The exhibition grew out of a collaborative effort between Wicked Comics (organisers of Comic Con) and the French Embassy. Corto Maltese’s particular claim to local fame is that the character was born in Valletta, the son of a Cornish sailor and a gypsy from Seville. You’d be hard pressed to find a pedigree more suited to the kinds of swashbuckling, dazzling and downright strange adventures Corto finds himself thrown in throughout the comics.

Corto Maltese’s creator Pratt (1927-1995) lived a life almost as colourful as that of his famous comic book character. A native of Venice with English ancestry, Pratt spent time in Ethiopia (while it was called Abyssinia) and suffered internment in a prison camp at Dire Dawa (a city famously described as “somewhat like a cluster of tea leaves in the bottom of a slop basin”) where he would buy comics from the guards.

Some of Pratt’s stories are good old-fashioned pot-boilers, interspersed with melodramatic double-crossing and daring escapes. Others explore a more existential angle, taking their hero to the heart of the human condition in a furry of literary allusions and philosophical questioning.

Ostensibly the exhibition sets out to introduce this unique character to the Maltese public, as a figure we can all feel somehow invested in.

A Belti by birth, the character spent his youth in Gibraltar but never completely forgot Malta, and Pratt’s stories have him return to the island from time to time.

Perhaps the thing that places us, here in Malta, in a perfect position to appreciate these stories is our Italian fluency (though with the growing popularity of American media, familiarity with that language is in stark decline) – being able to read the graphic novels in their original language, rather than through a translation, gives the full flavour of Pratt’s world.

From the 1960s minimalist artwork to a certain un-PC-ness when it comes to gender relations, there’s a delightful sense of stepping back to a different time beyond the stories themselves.
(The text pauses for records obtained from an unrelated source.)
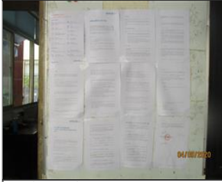
Photo of the code of conduct on display amfori BSCI COC.JPG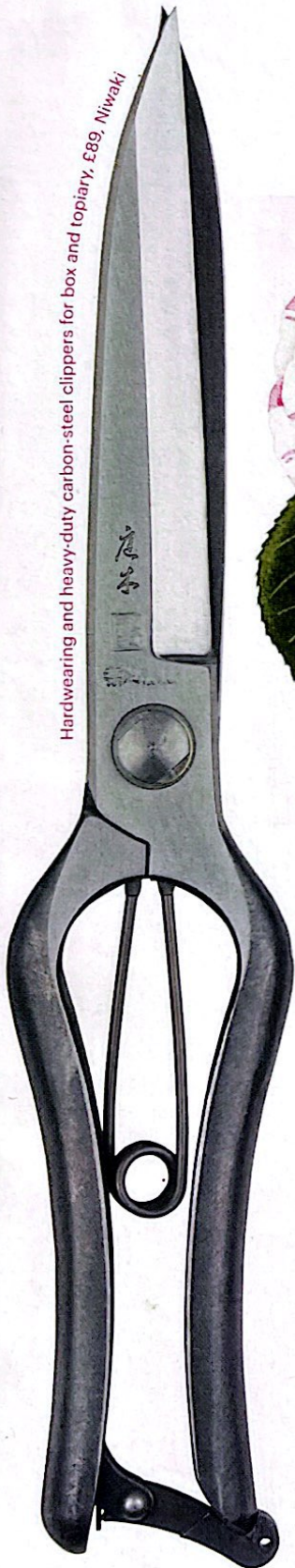
Hardwearing and heavy-duty carbon-steel clippers for box and topiary, £89, Niwaki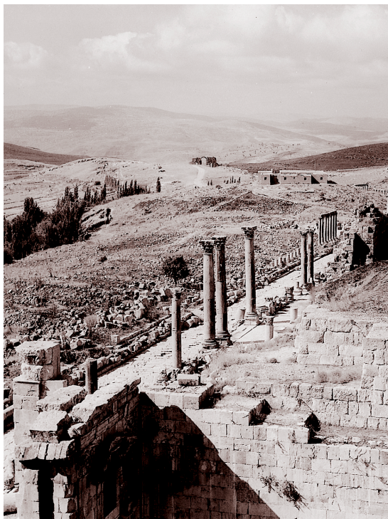
Figure 4. Ruins of one of the Hundred Dead Cities of Syria. From 3 to 6 feet of soil has been washed off most of the hillsides. This city will remain dead because the land around it can no longer support a city.

When we examined the slopes surrounding Jerash we found the soils washed off to bedrock in spite of rock-walled terraces. The soils washed off the slopes had lodged in the valleys. These valleys were cultivated by the seminomads who lived in black goat-hair tents. In Roman times this area supplied grain to Rome and supported thriving communities and rich villas, ruins of which we found in the vicinity.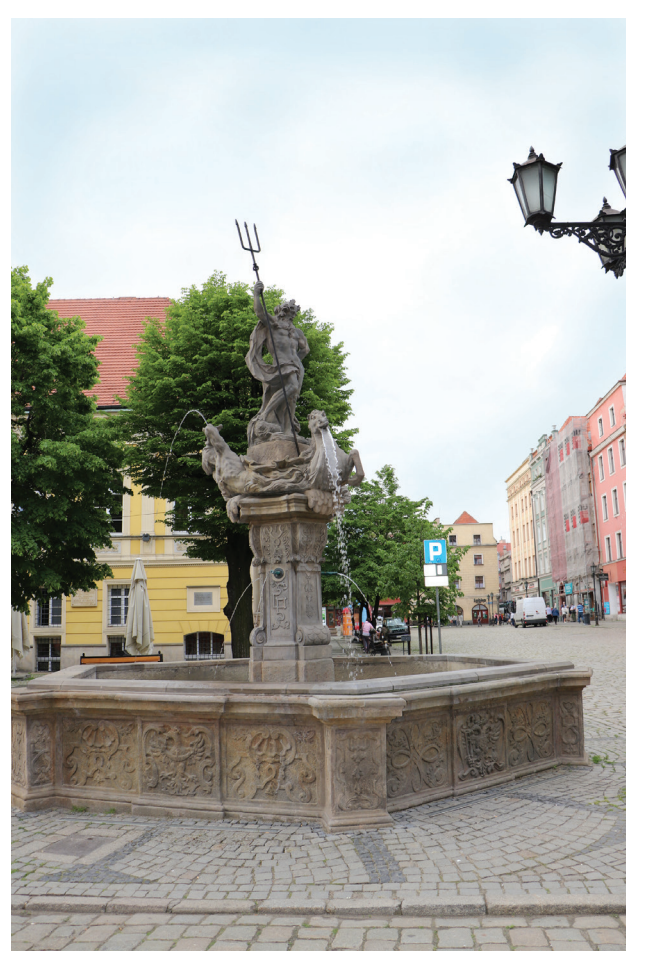
Fig. 6. Neptune's Fountain in the Market Square in Świdnica in a frontal view

of the market square was complemented with a Neptune Fountain, erected in the north-western corner of the square at the place of a Renaissance fountain with an analogous representation [6], [7], also the work of Weber completed in 1723<sup>5</sup> (Fig. 6). The first of them was a statue of St. John of Nepomuk and St. Florian at the corners of the town hall and the mid-market block. After several years, in 1740 and 1744, the next two water intakes at the corners of Świdnica's market square received new Baroque forms (one of them had already been transformed into a wooden fountain with a two-headed eagle) [7]. The oldest Baroque fountain in Wrocław was created at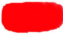
RD 63599 Naphthol Red BWS 6 / PR 112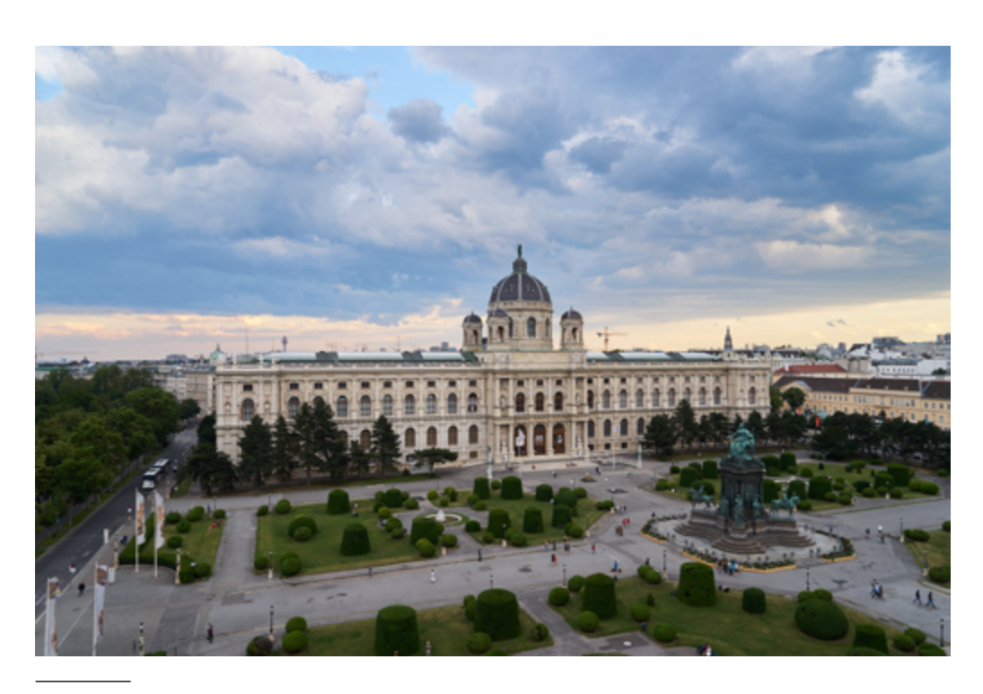
Kunsthistorisches Museum in Vienna, built between 1871 and 1891

FNG Research Issue No. 4/2020. Publisher: Finnish National Gallery, Kaivokatu 2, FI-00100 Helsinki, FINLAND. © All rights reserved by the author and the publisher. Originally published in <a href="https://research.fng.fi">https://research.fng.fi</a>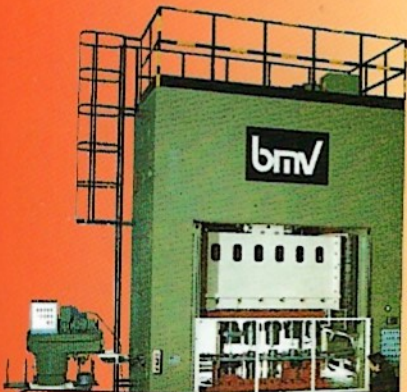
T1/200/6/300/320 - page 45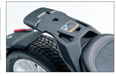
MAX MOUNT STRUCTURE

Front and rear KYB HPG shocks with remote adjusters and 1 inch of extra suspension travel to optimize your ride and improve comfort.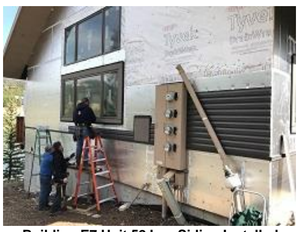
Building E7 Unit 52 Lap Siding Installed

Reading the Corto Maltese comics might not be to everyone’s taste, but visiting the exhibition will certainly benefit anybody with an interest in narrative art.

With a host of other events at last weekend’s Malta Comic Con and a growing national comics scene that presents Maltese language as well as English offerings, the particular charms of graphic novel reading are being brought to an ever-growing audience. And Pratt’s stories of Corto Maltese stand as a testament to the versatility and perennial appeal of the medium.

Ici Commença l’Aventure shows at St James Cavalier till early January.